# Web APIs & Classification

## Project Challenge Statement

### Goal: 
#### 1. Using Reddit's API, collect posts from two subreddits: AskWomen, AskMen, Relationship_Advice. 
#### 2. NLP to train a classifier on which subreddit a given post came from. This is a binary classification problem.

### Datasets: 
1. AskMen vs AskWomen (0, 1)
2. AskMen vs Relationship Advice (0, 1)
3. AskWomen vs Relationship Advice (0, 1)

### Model Improvement
Use all baseline models to build ensemble model. 

#### 1. Ensemble Model 
- with CountVectorizer 
- with TFIDF Model
- with Logistic Regression 
- with Multinomial NB

## Table of Contents 

This Notebook is broken down into different sections for analysis purpose. The following links are connected to differenct section within the Notebook for simple navigation. 

### Contents:
- [Ensamble Model 1 menwomen_df With Best Parameters](#Ensamble-Model-1-menwomen_df-With-Best-Parameters)
    - [Ensamble Model 1: ](#Ensamble-Model-1)
    - [Extracting Coefficients](#Extracting-Coefficients)
    - [Model With Target Switched](#Model-With-Target-Switched)

In [2]:
import pandas as pd 
import numpy as np 
import re
from sklearn.pipeline import Pipeline 
from sklearn.model_selection import train_test_split, GridSearchCV
from sklearn.linear_model import LogisticRegression
from sklearn.feature_extraction.text import CountVectorizer, TfidfVectorizer
from sklearn.naive_bayes import MultinomialNB
from sklearn.ensemble import VotingClassifier
from sklearn.neighbors import KNeighborsClassifier

In [3]:
womenrelationship_df = pd.read_csv('../data/AskWomen_Relationship.csv')

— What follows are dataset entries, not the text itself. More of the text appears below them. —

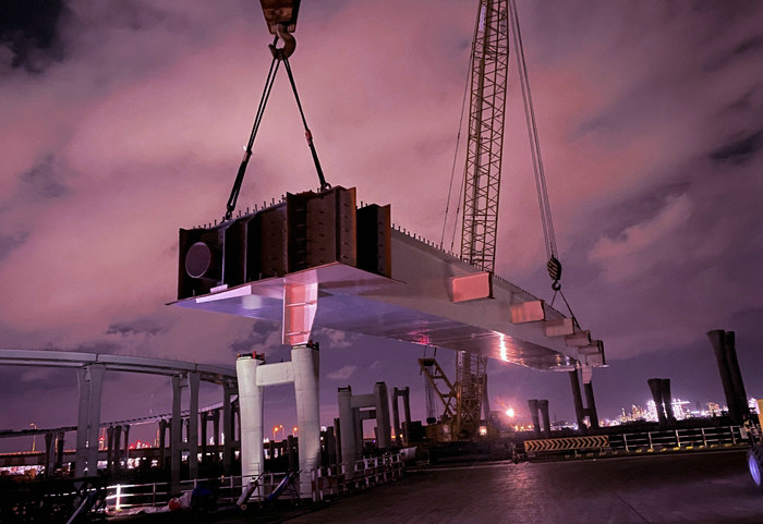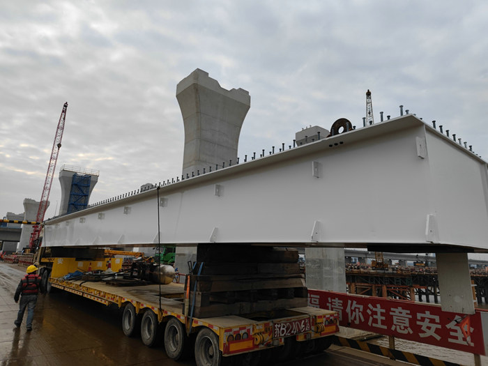 濱?;ネㄖ骶€全長2390米、8座匝道橋5995米的、4座拼寬橋1320米,設(shè)634個(gè)墩柱、67聯(lián)441片鋼混組合梁,使用鋼材31593.7噸、混凝土29418.9立方。鋼箱梁由寧波舟山一廠家生產(chǎn)。去年12月通過海上運(yùn)輸、碼頭卸裝和轉(zhuǎn)運(yùn),將鋼箱梁運(yùn)至現(xiàn)場,29日上午架設(shè)第一片梁,3天架設(shè)3跨6片,受海風(fēng)、臺風(fēng)等影響,直到今年6月8日到15日進(jìn)行第二波架梁,完成12跨24片架梁任務(wù),前兩波共架設(shè)30片梁。
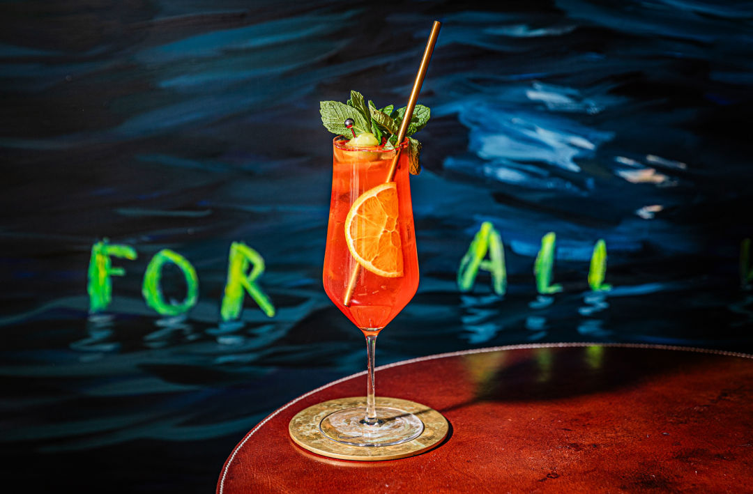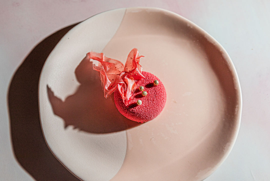 Goodnight Hospitality’s pastry chef, Micaela Victoria, helps diners end the night on a sweet note. The six-course menu’s pre-dessert is inspired by the flavors in an Aperol spritz, made with Aperol jelly, bitter orange sorbet, grapefruit meringue, and rhubarb confit. The main dessert, influenced by the colors of the Carnival of Venice, features a strawberry pink pepper crémeux, goat cheese mousse, almond dacquoise, and strawberry tuile on top.
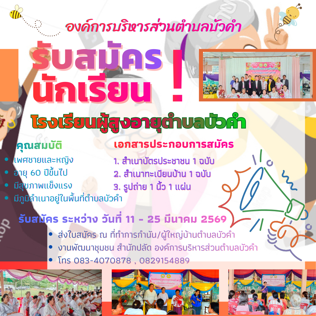 หัวข้อ :: องค์การบริหารส่วนตำบลบัวคำ ประกาศรับสมัครนักเรียนโรงเรียนผู้สูงอายุ ประจำปี พ.ศ.2569 รุ่นที่ 4 ระหว่างวันที่ 11 - 25 มีนาคม 2569 สามารถสมัครได้ที่ที่ทำการผู้ใหญ่บ้านแต่ละหมู่บ้านและองค์การบริหารส่วนตำบลบัวคำ งานพัฒนาชุมชน ในวันจันทร์ - วันศุกร์ เวลา 08.30 น.-16.30 น.
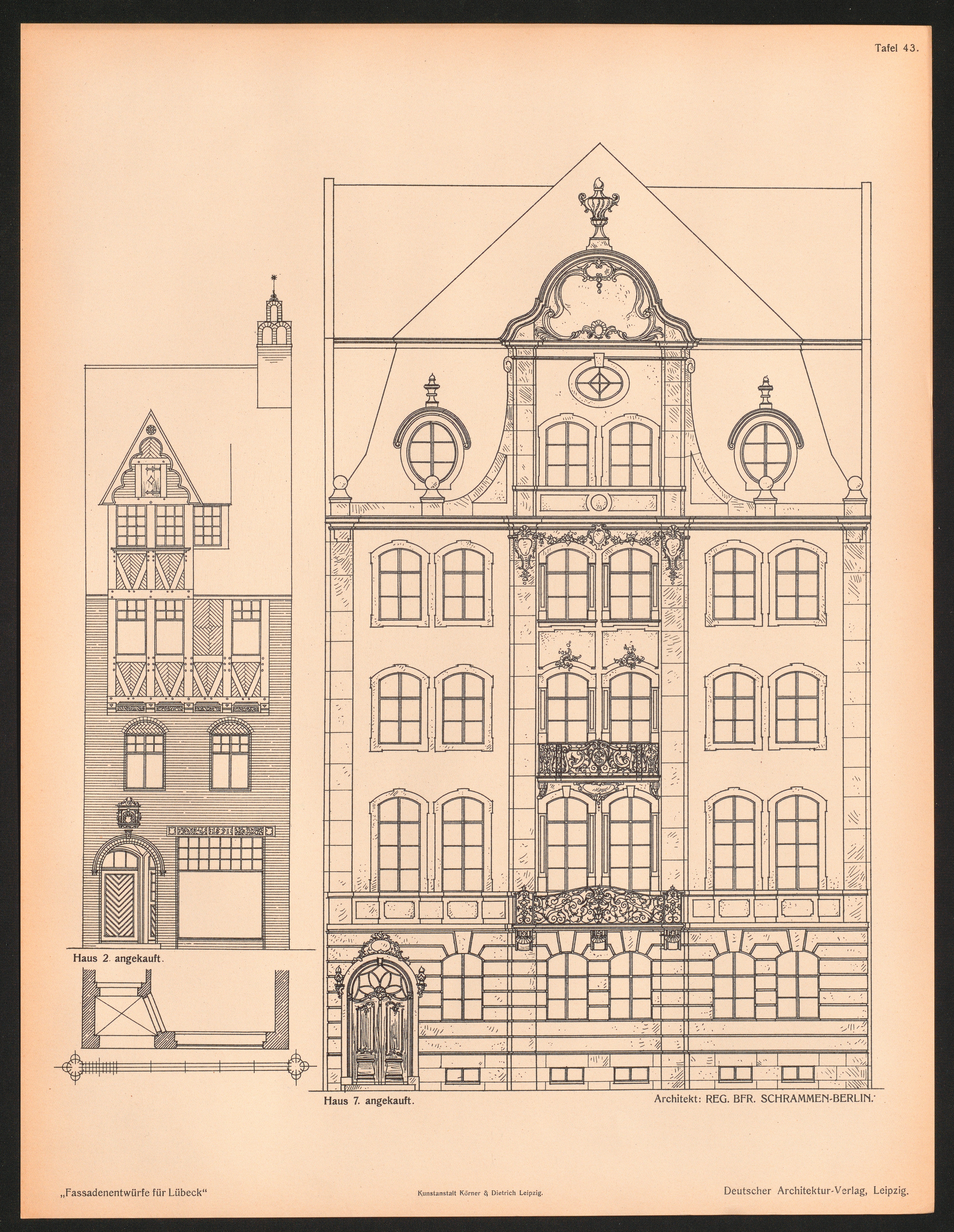 Tafel 43. Haus 2 angekauft. Haus 7. angekauft. Architekt: Reg. Bfr. Schrammen - [...]
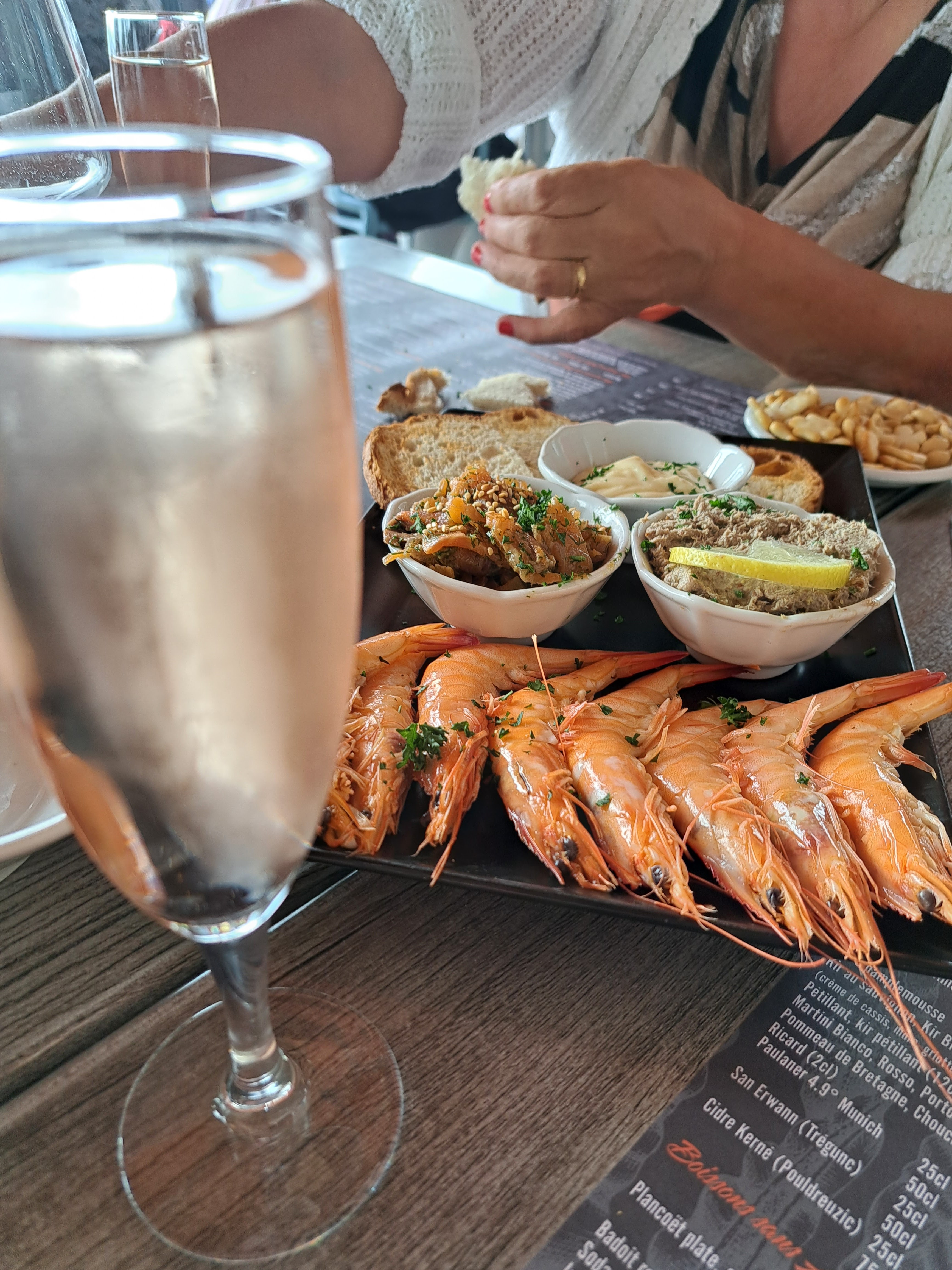 Repas délicieux, assiettes à partager (crevettes, tartare, rillettes sardines maison), suivi de la pêche du jour. Là serveuse pourrait juste être plus gracieuse, d'où les 3 etoiles
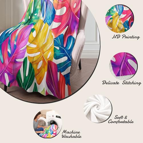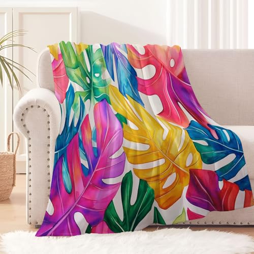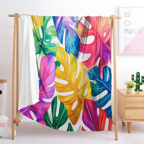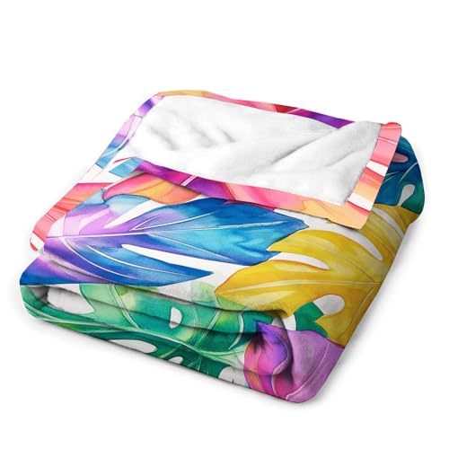 【Angenehm warm】: Wir haben unsere klassische Flanell-Fleecedecke verbessert, damit sie noch weicher gemütlich und hautsympathisch. jetzt mit verbesserter Mikrofaser. Ausgabe mit 3D Regenbogen Blätter muster auf Oberseite, Rückseite in Weiß. Die exquisiten Farben verleihen dieser Decke ein eleganteres und eleganteres Aussehen und verleihen Ihrem Zimmer ein schickes Ambiente.
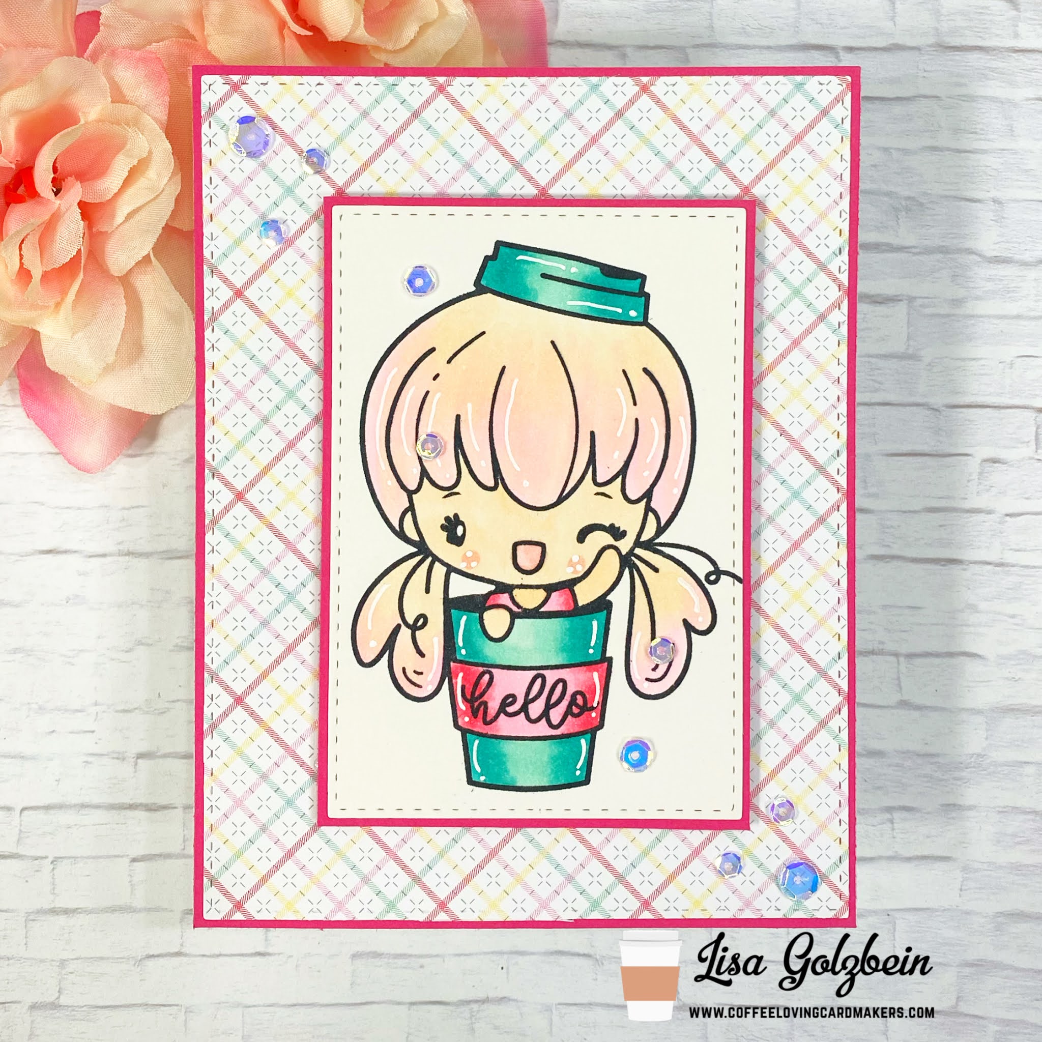 Not only did I fall in love with Suzanne’s card but I ordered the stamp and picked her card as my designer pick at the end of the hop! The adorable stamp is called Coffee Cup Anya and it is from the Greeting Farm. It’s an older stamp but I was lucky enough to find it at Simon Says Stamp.

## Ensamble Model 3: With womenrelationship_df

In [5]:
# models with Best Parameters from previous notebook
cvec = CountVectorizer(max_df= 0.95, 
                       max_features= 2000, 
                       min_df= 5, 
                       ngram_range= (1,1))

tfidf1 = TfidfVectorizer(max_df= 0.95, 
                       max_features= 1000, 
                       min_df= 5, 
                       ngram_range= (1,1))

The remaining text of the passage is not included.